2. Gel-forming agent according to claim 1, characterized in that that the organic anion sodium benzoate, sodium lauryl sulfate or Sodium stearate comes from.   3. Gel-forming agent according to claim 1, characterized in that that R₂ is derived from a long chain fatty acid group. 4. Gel-forming agent according to claim 1, characterized in that the organic anion is derived from an organic acid with a pk _A value of less than about 11.0. 5. Gelling agent according to claim 1, characterized in that that the smectite-type clay is selected from hectorite and Sodium bentonite. 6. Gelling agent according to claim 1, characterized records that the amount of the organic cation is 100 to 160 milliequivalents per 100 g of clay, 100% more active Clay base. 7. A process for the preparation of an organophilic, gel-forming clay, characterized in that

• a. forms an aqueous slurry of a smectite-type clay with a cation exchange capacity of at least 75 milliequivalents per 100 g of the clay, the clay ranging from about 1 to about 80% by weight of the slurry;
• b. the slurry is heated to a temperature of 20 to 100 ° C;
• c. about 5 to 100 milliequivalents of an organic anion compound according to claim 1 per 100 g of clay, on a 100% active clay basis and an organic cation compound according to claim 1, wherein the organic cation compound in an amount of 80 to 200 milliequivalents per 100 g of 100% active clay-based clay is used to satisfy at least the cation exchange capacity of the smectite-type clay and the cationic activity of the organic anion while stirring the reaction solution; and
• d. reacting the mixture for sufficient time to form the reaction product comprising an organic cation-organic anion complex intercalated in the smectite-type clay and wherein the cation exchange sites of the smectite-type clay are substituted with the organic cation .
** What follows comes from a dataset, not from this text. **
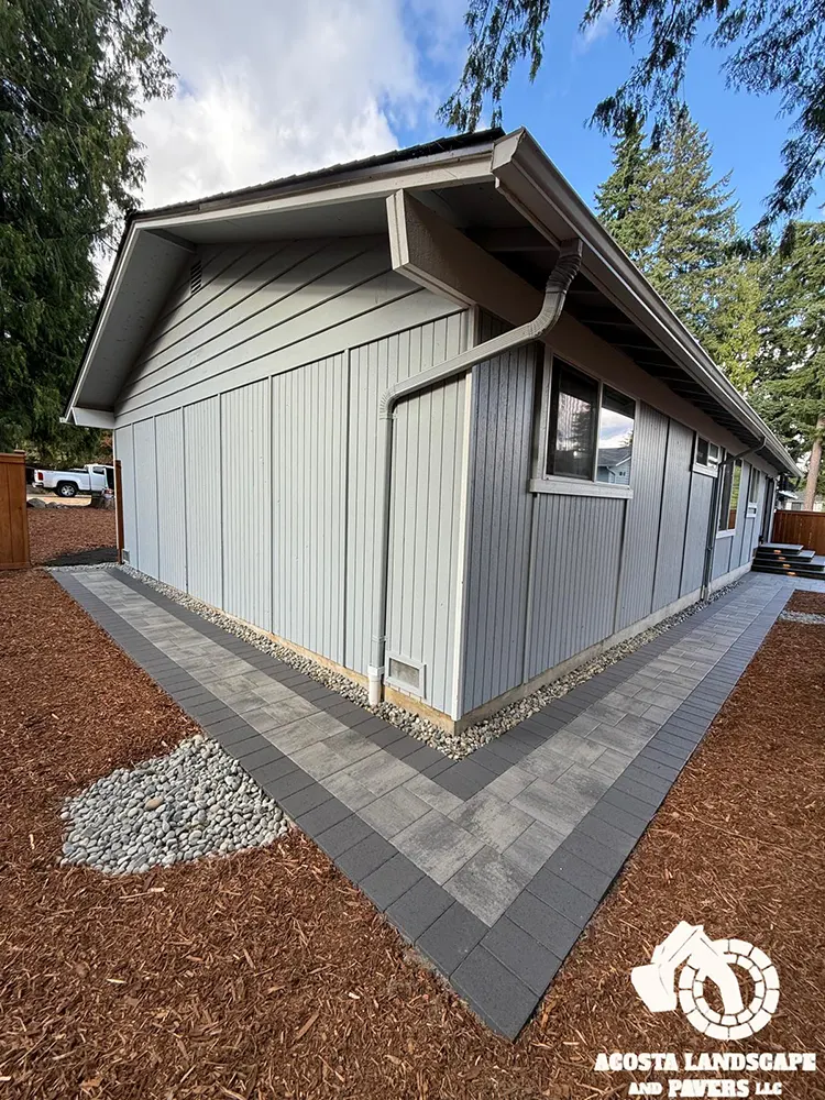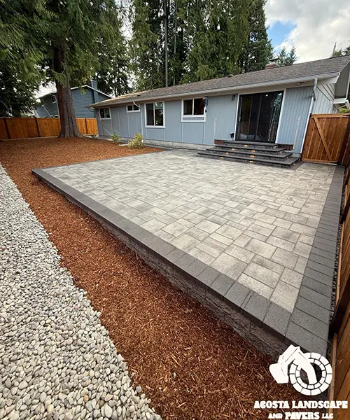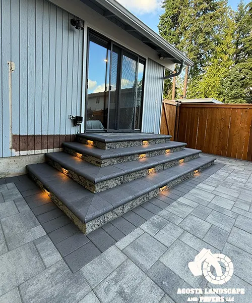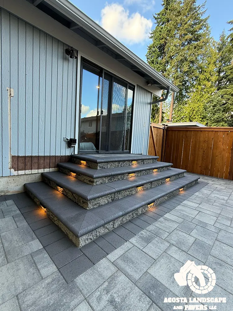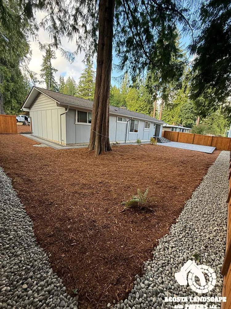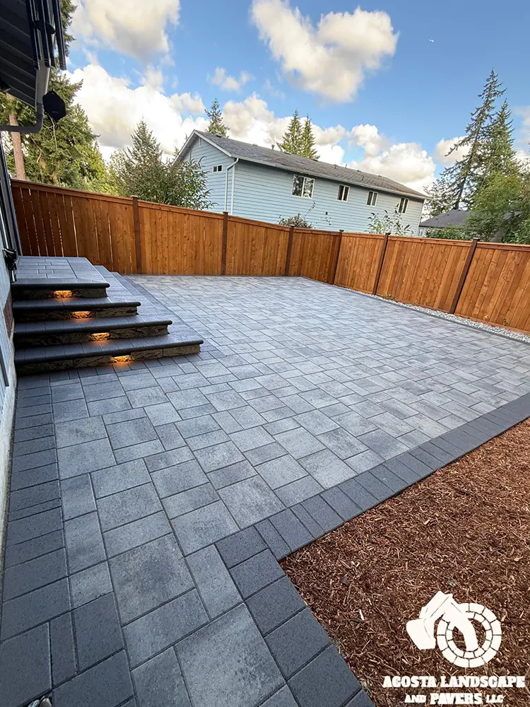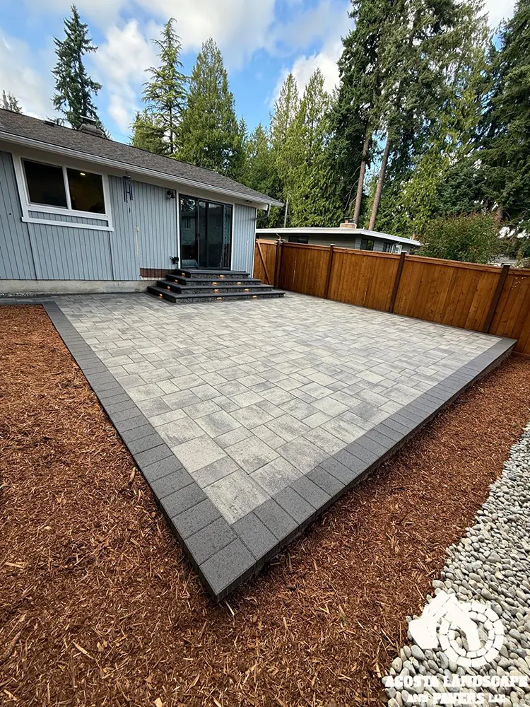 This project transformed a Shoreline backyard into a beautiful and functional space. We began by removing old stumps and roots, then installed a new paver patio, steps, and a connecting walkway. To complete the design, we added fresh mulch throughout the yard and installed lights on the steps for added safety and ambiance.

8. The method according to claim 7, characterized in that the amount of the organic anion is 10 to 50 milliequivalents per 100 g of clay, on a 100% active clay basis. 9. The method according to claim 7, characterized in that that the organic anion connection to the Smectite-type clay before adding the organic Cation compound is added. 10. The method according to claim 7, characterized in that the compound resulting in an organic anion and the organic cation compound to smectite-type clay in the form of an organic cation-organic anion complex be added.   11. Use of the gel-forming organophilic clay, such as defined in one of claims 1 to 6, as rheological Additive in non-aqueous fluid systems.